Not sure which github issue the bot wants us to use, but this has become a must have feature for me. When announced, I was very excited for Agent support and I think it has a ton of potential. Unfortunately, I've completely stopped using it because of the lack of transparency. Without the ability to see what the agents are doing, they can't be used for non-trivial tasks.

onerok avatar Aug 20 '25 23:08 onerok

definitely needs this, as nopoint of wasting tokens when you dont even know what kind of decisions CC is taking , are they correct or not etc etc

Amansaxena001 avatar Sep 04 '25 11:09 Amansaxena001

Also, for now, it's too much of a trouble to force Claude Code to actually use the sub-agents automatically on every suitable case. Together with lack of transparency, it makes sub-agents unfortunately unreliable for me (hope for improvements, because it's an essential thing).

art-shen avatar Sep 12 '25 14:09 art-shen

Oh, does nobody know about the --verbose --debug option? That works okayish for me.

I was actually looking to see if anybody had opened the reason why it's only okayish: even though you can see the steps it's taking, it has an abysmal UI while at work... the subagent output plays VERY un-nicely with the rest of the TUI, and it causes the TUI to rapidly scroll around several times per second.
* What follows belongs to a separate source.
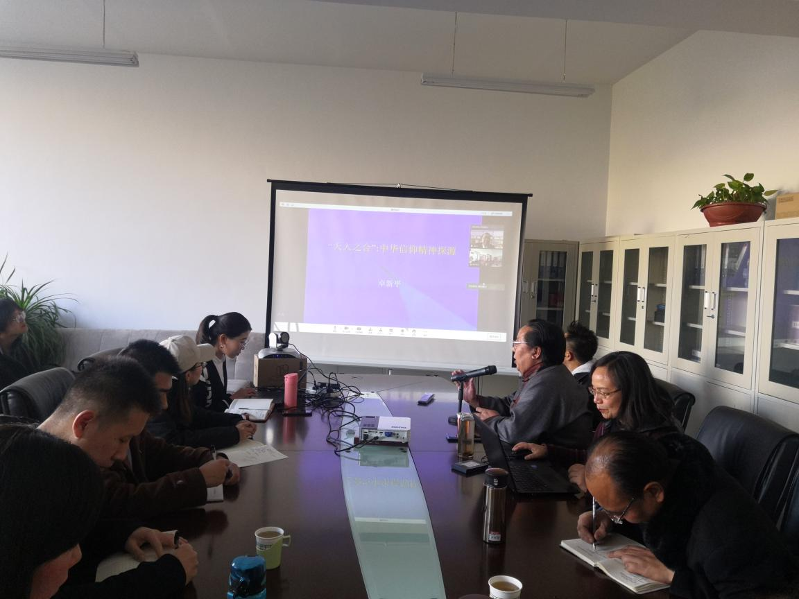 11月4日上午,中国社会科学院学部委员、宗教学界著名学者卓新平先生为澳门电子宗教学专业全体研究生做了一场题为“天人之合:中华信仰精神探源”的视频讲座。讲座由巴·孟和教授主持,地点在赛罕校区科研楼403会议室,澳门电子pg游戏官网副院长满达,塔娜、张径真、普华才让、杨冰华等多位教师到场聆听了讲座。

It's basically an epilepsy test. I haven't gotten yet to the point in my claude code reversing sideproject to figure out where exactly the bug/problem is in their react usage, but I bet it's something simple like two hooks fighting eachother. There's also no way to see the thinking tokens, but that's less annoying than a terminal that's flying around like skynet has taken over.

ariccio avatar Sep 13 '25 00:09 ariccio

is this supported? skills are also released. We need this as without this no-one can truly understand what the agent is doing and we on the other side can't optimize the prompt further

Amansaxena001 avatar Oct 23 '25 13:10 Amansaxena001

Yeah the only way is to make it log all messages with debug/verbose and create a tool that parses those JSONs and stores in a local DB, then create a local react frontend to display the sessions and tool calls ,subagent calls etc

Essentially you need to make a full stack of monitoring before you can troubleshoot subagents

awrobel-gd avatar Oct 27 '25 09:10 awrobel-gd

It would be especially valuable to see which skills are being invoked by subagents. Maybe we can start with adding better visibility for skills in particular?
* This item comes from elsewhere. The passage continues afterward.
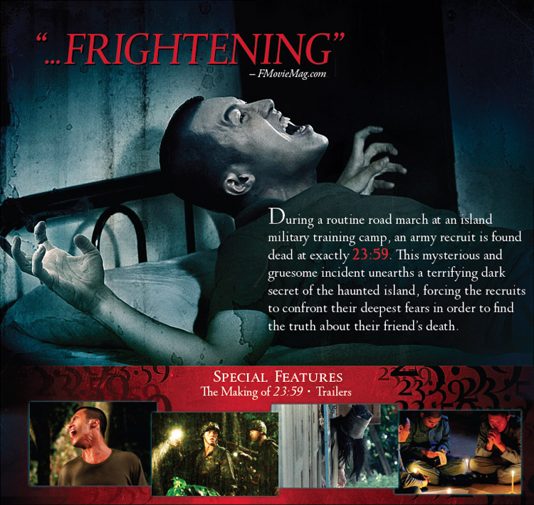 During a routine road march at an island military training camp, an army recruit is found dead at exactly 23:59. This mysterious and gruesome incident unearths a terrifying dark secret of the haunted island, forcing the recruits to confront their deepest fears in order to find the truth about their friend’s death.

The Plan subagent often chains multiple skills together with zero indication to the user. When debugging or understanding what's happening, it would be super helpful to know that "Plan invoked the typescript skill, which then called Read/Edit tools".

PaulRBerg avatar Nov 23 '25 09:11 PaulRBerg

It would be especially valuable to see which skills are being invoked by subagents. Maybe we can start with adding better visibility for skills in particular?

The Plan subagent often chains multiple skills together with zero indication to the user. When debugging or understanding what's happening, it would be super helpful to know that "Plan invoked the typescript skill, which then called Read/Edit tools".

I'm also noticing that the latest update doesn't seem to be showing what skills are loading at all??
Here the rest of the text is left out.